過去のやり取りをスクロールして見返していると、丁度「今何してるの?」と天音くんからメッセージが届いた。

「えっと・・・家でごろごろしてるよ、っと」

そう、私はひとりでごろごろしている。

ちなみに今日は12月31日の大晦日。両親はニューヨークにいる為、今年の年越しはひとりなのだ。別に寂しくはないけれど、ひとりだからかもうすぐ今年が終わってしまう実感が全くない。

未だ、あのクリスマスライブの余韻に浸っていた。

するとぽこんとトーク画面に現れたスタンプ。

くまさんが「羨ましい」としょんぼりしている。そう言いながらも仕事が「嫌だ」と言わないのは、天音くんらしい。

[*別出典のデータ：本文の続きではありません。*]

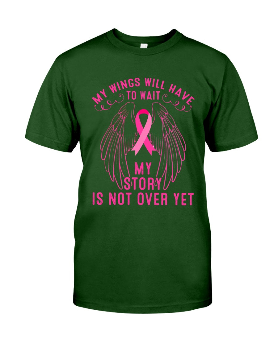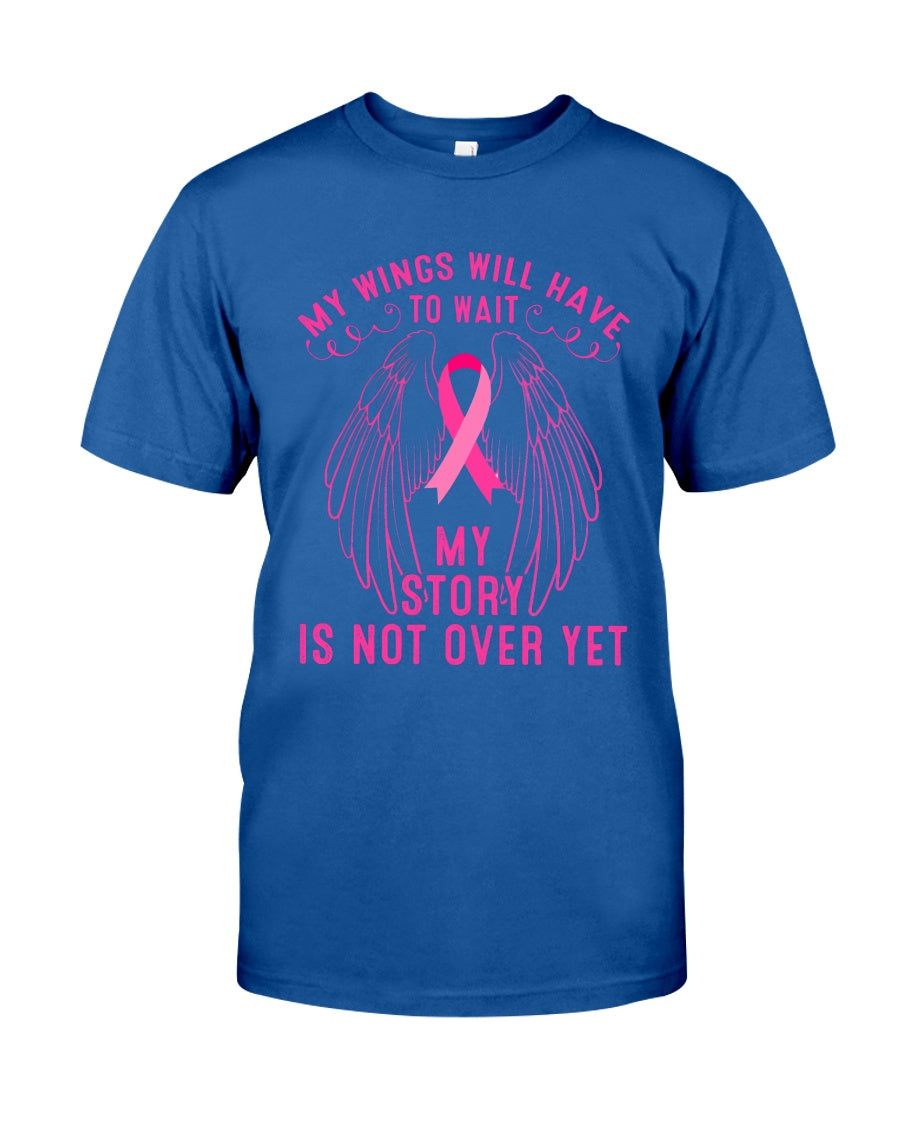 Breast Cancer Awareness My Wings Have To Wait My Story Is Not Over Yet Guys Tee

そんな彼は今日の22時から事務所をあげてのカウントダウンライブがある。それも、テレビで生放送をするのだ。連絡が返ってくるということは、おそらく今は休憩中なのだろう。

「今日、家でカウントダウンライブ見るね」と送ると、それはすぐに既読がついて「頑張る」と返信が来た。

そして続くようにもう1つのメッセージが届く。

「一緒に初日の出見に行こう」

* * *

年明けとはあっという間なものである。生放送ライブを見ていたら、いつの間にか年が明ける1分前になっていて、心の準備ができる前に画面の向こうで「ハッピーニューイヤー!」とアイドルたちが叫んでいた。

今は除夜の鐘をBGMにしながら、約束の時間の午前5時45分を待っている。